I don’t know what to write. I want to write – I always want to write. What is it about putting words on paper that I love so deeply? What is it, exactly? Is it the baring of my soul in the form of a story or just an essay? Is it the representation of life, as it could be and as it is? Is it the fact that I can bring beauty, or truth, through the writing?
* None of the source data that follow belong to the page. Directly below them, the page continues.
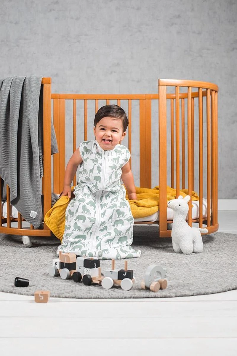 De ideale slaapzak voor jouw baby. De slaapzak heeft een gezellige safari motief, met de leukste dieren. Door de lage TOG waarde is hij perfect voor gebruik in de zomer of gebruik deze hydrofiel slaapzak in de winter in combinatie met een warme deken.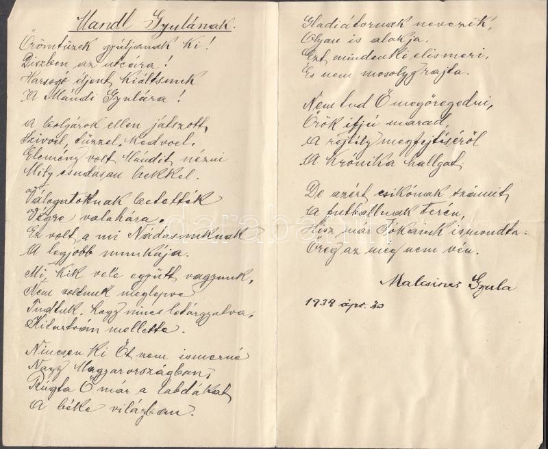 1934 Sporttörténeti lelet: Mándi Gyula (1899-1969) labdarúgónak, edzőn... https://www.darabanth.com/en/214-Online-auction/214.0/Other-collectibles/Historical-documents-manuscripts~19/1934-Sporttorteneti-lelet-Mandi-Gyula-1899-1969-labdarugonak-edzonek-irt-vers-rola-kes~II893529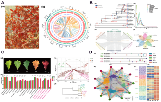 图1. A槲树基因组特征;B系统发育、基因家族和共线性分析;C叶色转变过程中类黄酮含量的变化;D叶色转变过程中相关转录因子表达量分析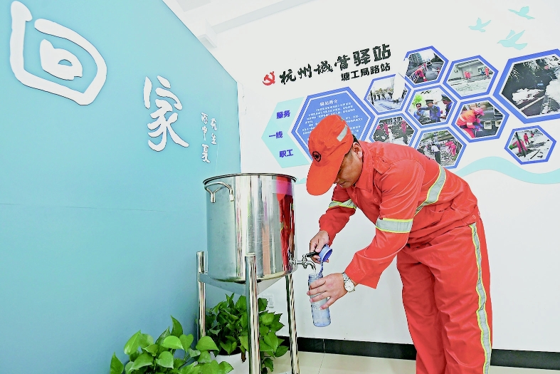 昨日中午,环卫工人在杭州城管驿站塘工局路站休息。记者 李忠 张之冰 摄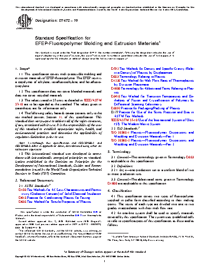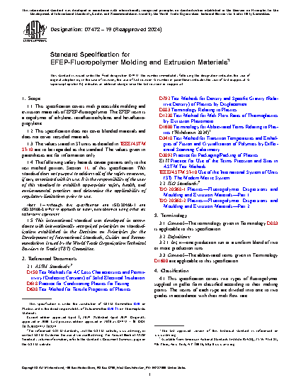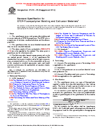 1.1 This specification covers melt processible molding and extrusion materials of EFEP-fluoropolymer. The EFEP resin is a copolymer of ethylene, tetrafluoroethylene, and hexafluoropropylene.
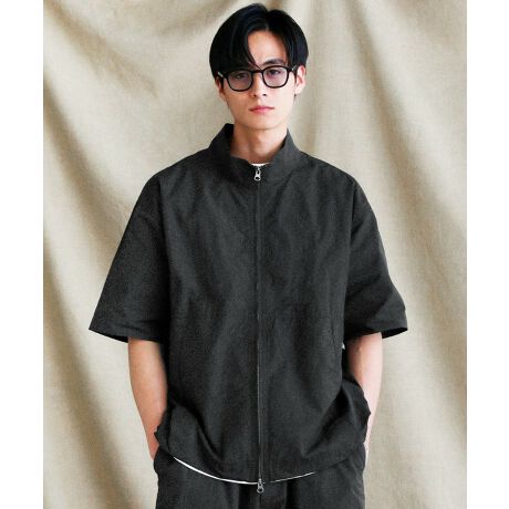 コットンナイロンギャバスタンドネックフルジップ半袖シャツジャケット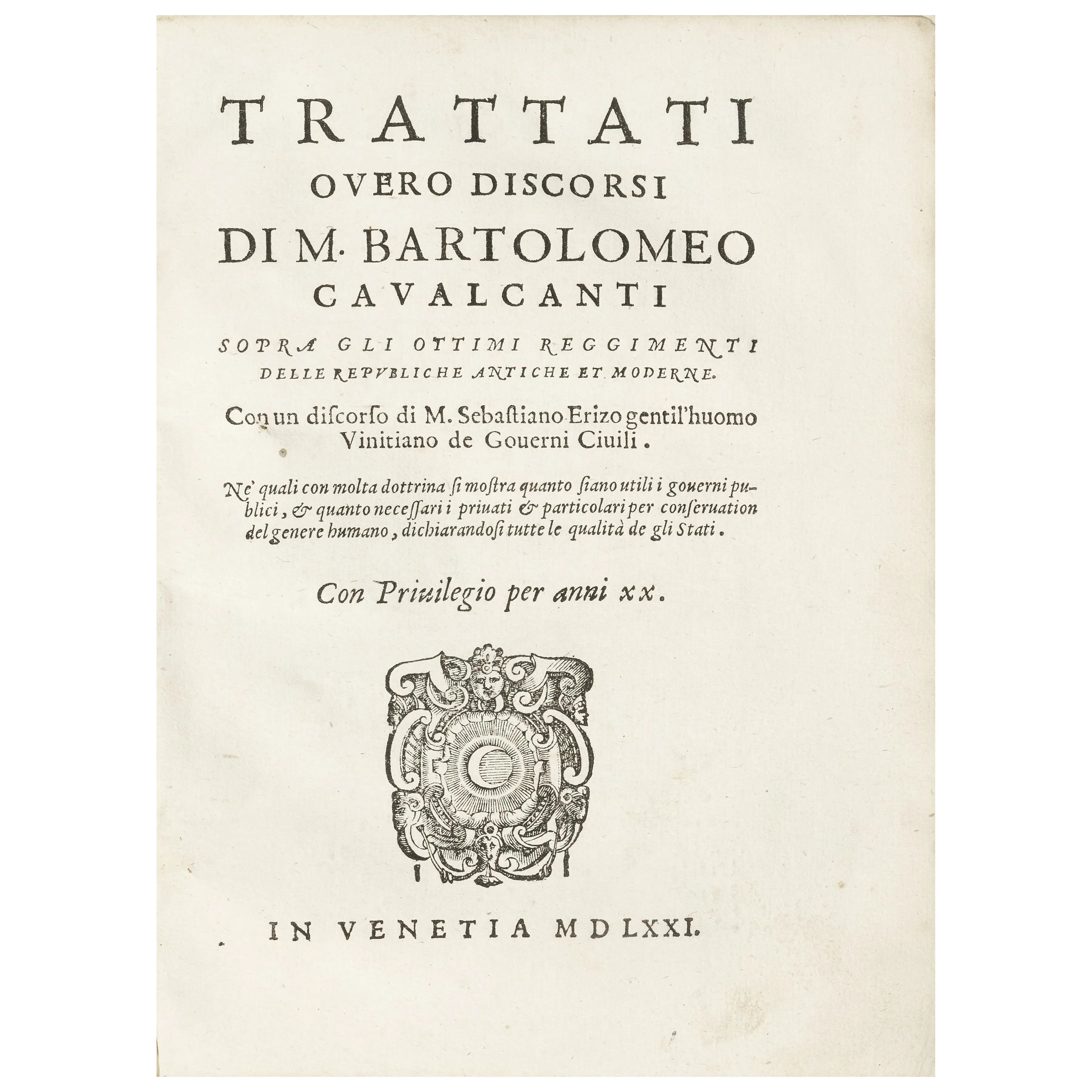 Cavalcanti, Bartolomeo. Trattati overo discorsi... sopra gli ottimi reggimenti delle repubbliche antiche et moderne. Venezia, Sansovino il Giovane, 1571.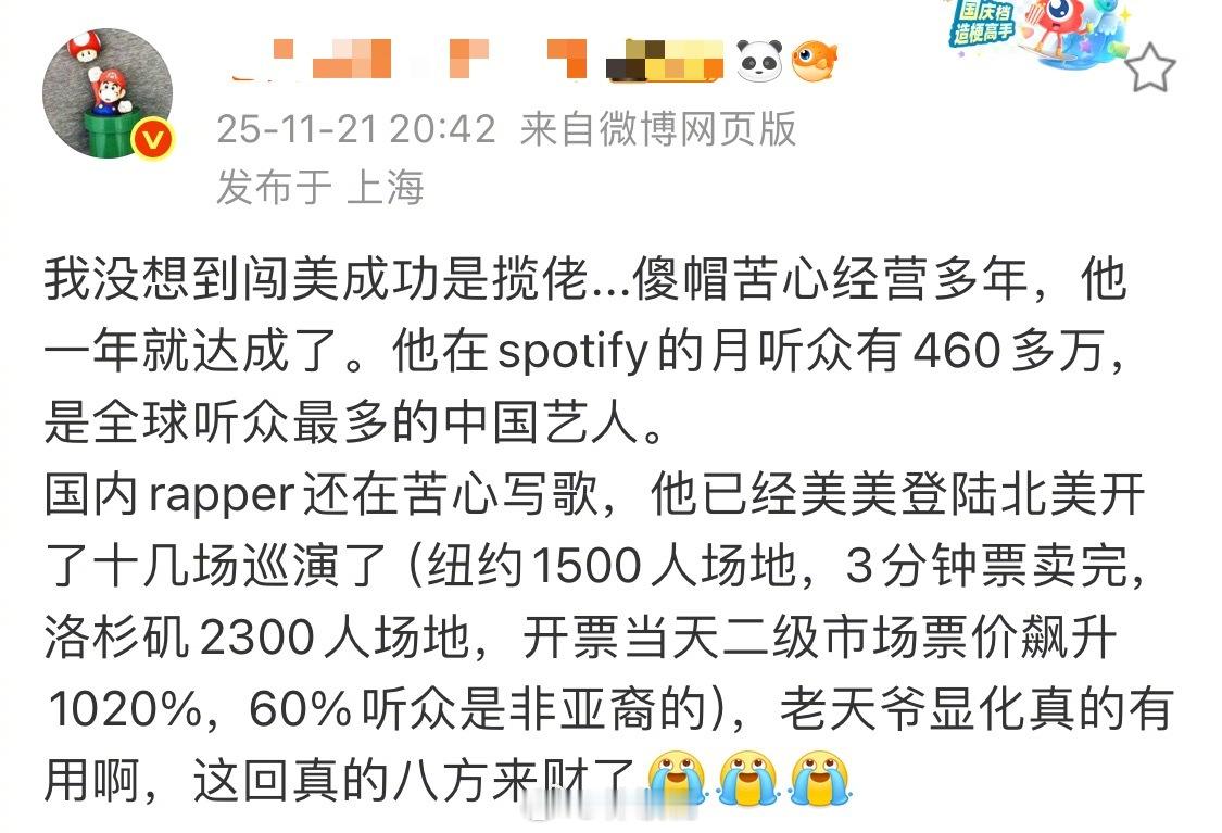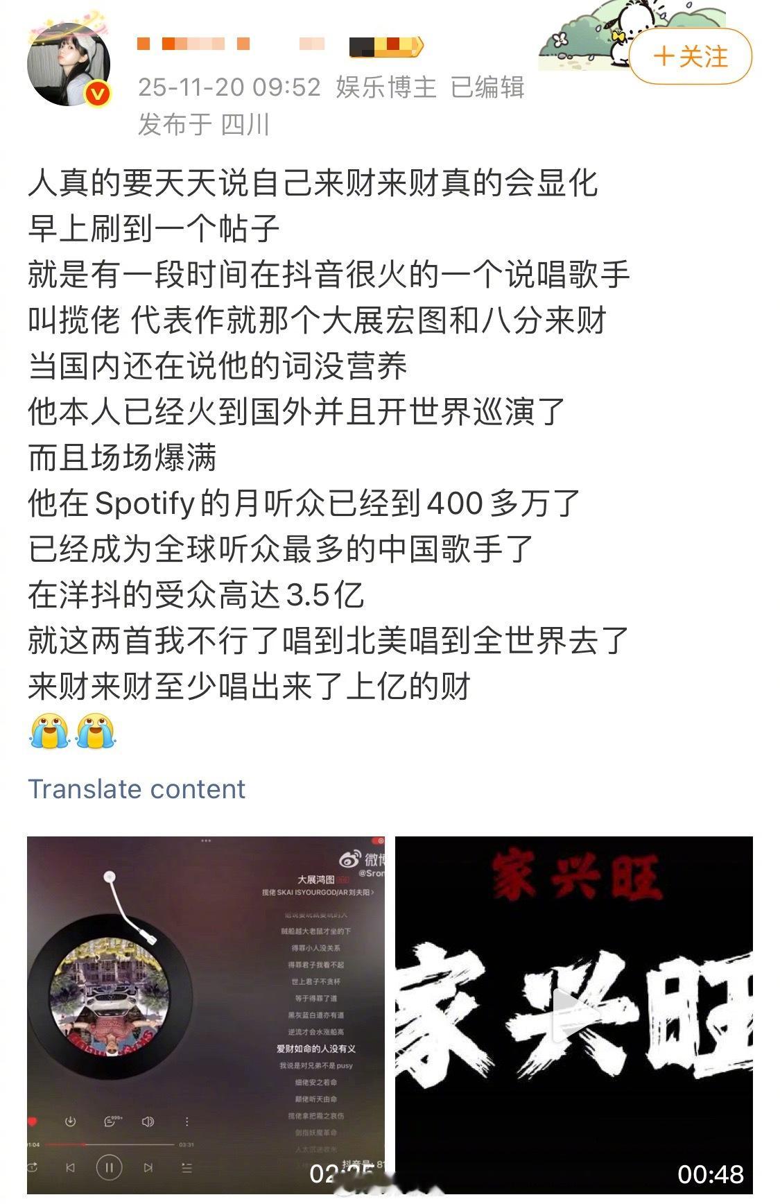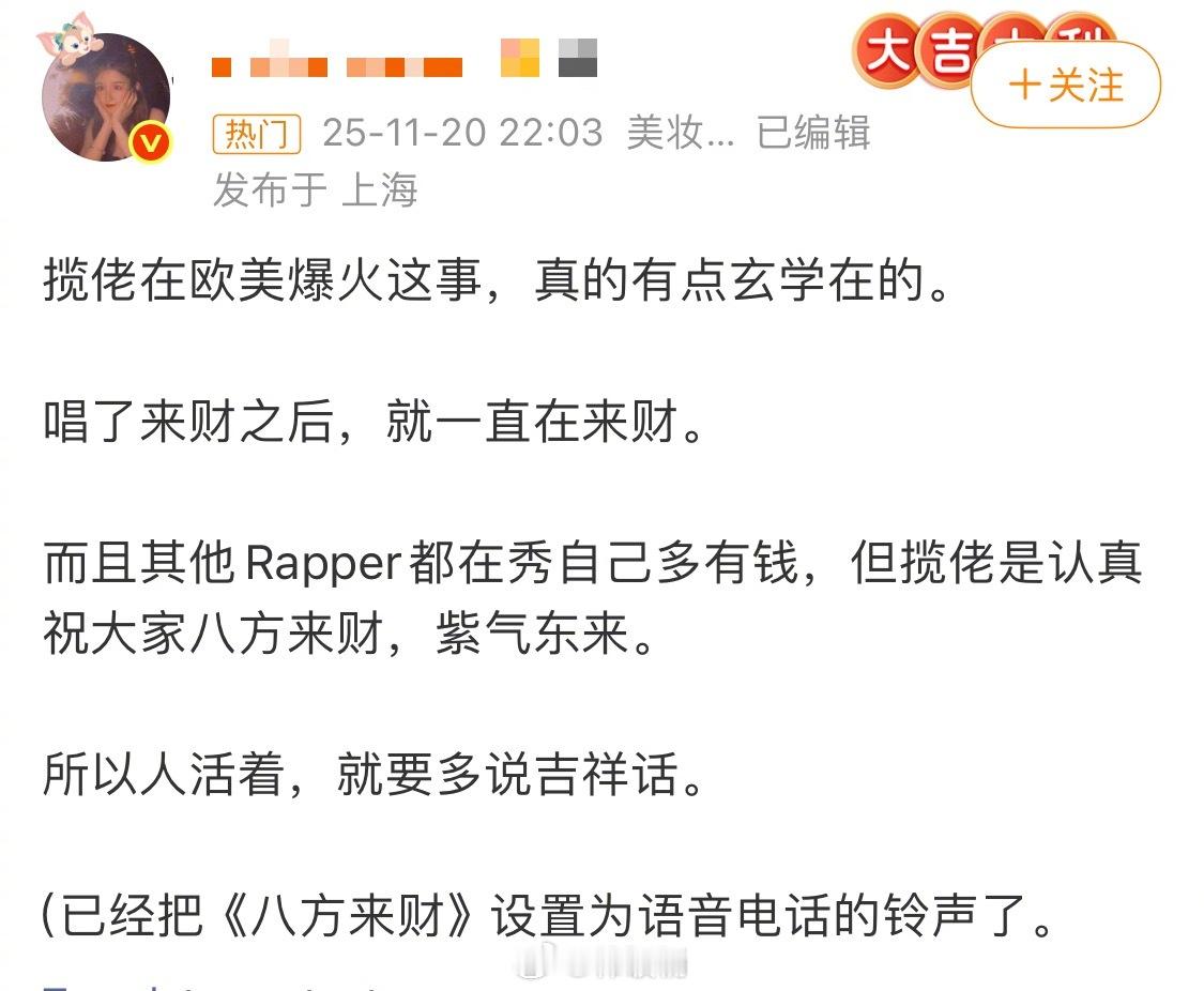 揽佬的八方来财显化玄学🈶️他已经成为全球听众最多的中国歌手这会正在北美开世界巡演呢别人企业出海 他带着财神爷出海了成功填补了西方没有财神爷的空白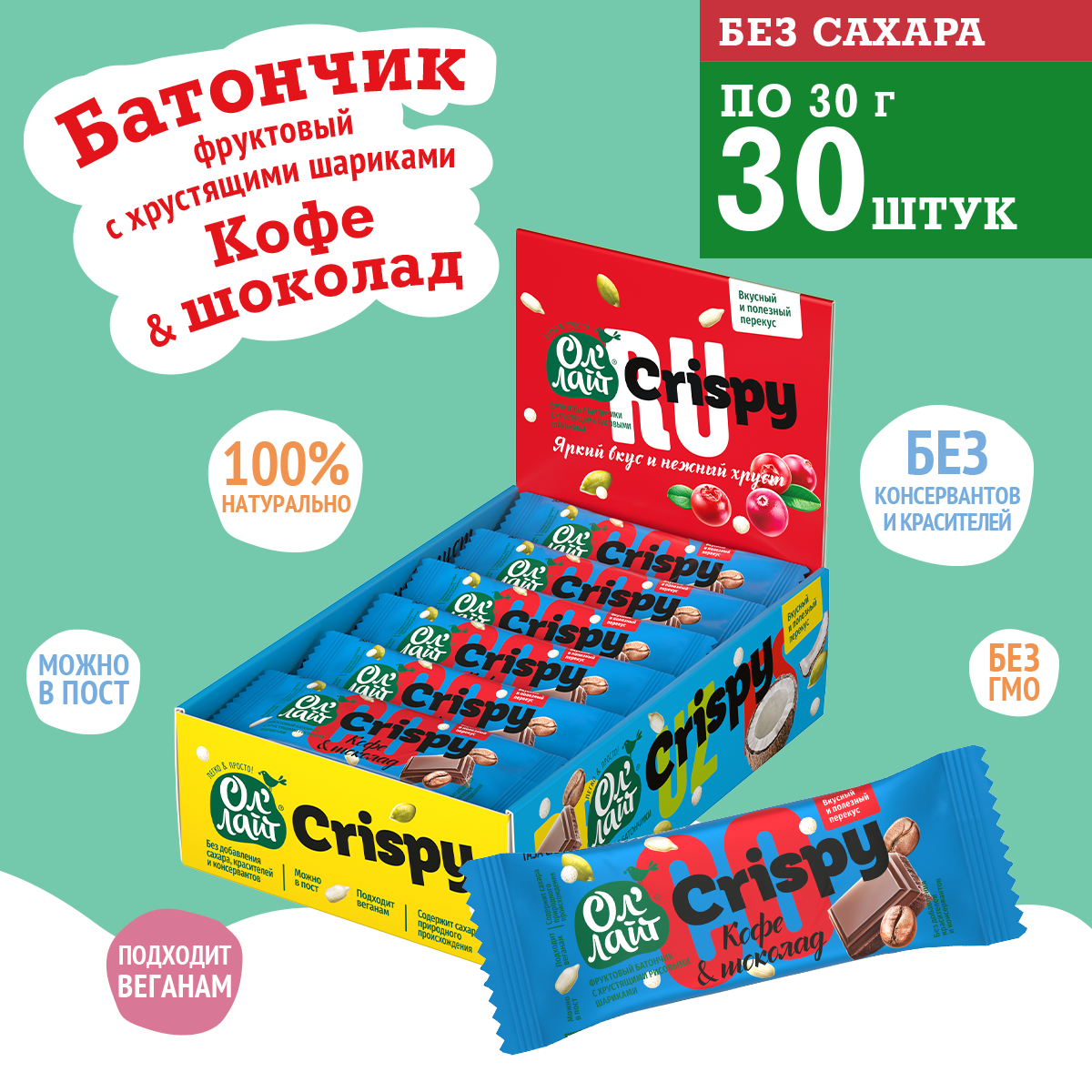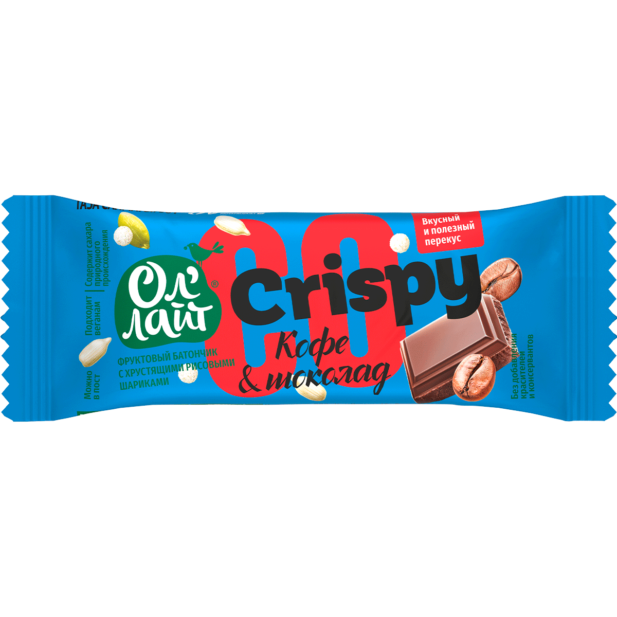Купить Фруктовый батончик с хрустящими рисовыми шариками с кофе и темным шоколадом, без добавления сахара

Maybe it’s all those things. Maybe it’s none of them. Maybe I’m talented; maybe I’m not. I’m not sure, myself. I’d like to think I have a little gift, but then again, I’d also love to be a great, and I don’t know that that is in the cards for me, as a writer. I guess it’s as much in the cards for me as anything else I’m good at doing. I’m good at a lot of things, but because I’ve had natural ability, I haven’t worked hard on anything, really, in my life. I didn’t work hard at singing, or piano, or science, or math, or drawing. I have always skated on by on my natural affinity for those things, and I know I can do so no longer if I want to go any further.
I’ve gotten to a point in my life where I’ve realized that I can’t just skate by on talent and bullsh*t anymore. I could, but I probably wouldn’t go very far, and I’d certainly like to. I’ve also gotten to a point where I am very open to and interested in constructive criticism and good feedback, and the current tendency to tell me simply that something is “good” is not doing it for me. I know I’ll never be great if I don’t practice, which I do, constantly; but, I also know I’ll never be great without someone to shake up my world and my art with a fresh perspective, or even just to tweak it to make it something more interesting, more beautiful, more meaningful, more true – any or all of the above.
I don’t know what to write. But something is in me. There is a story – or stories – to be told. I have to finish the ones I’ve started, though. Even if they’re never published, even if they’re absolute trash, at least I’ll have finished them. At least I’ll have practiced.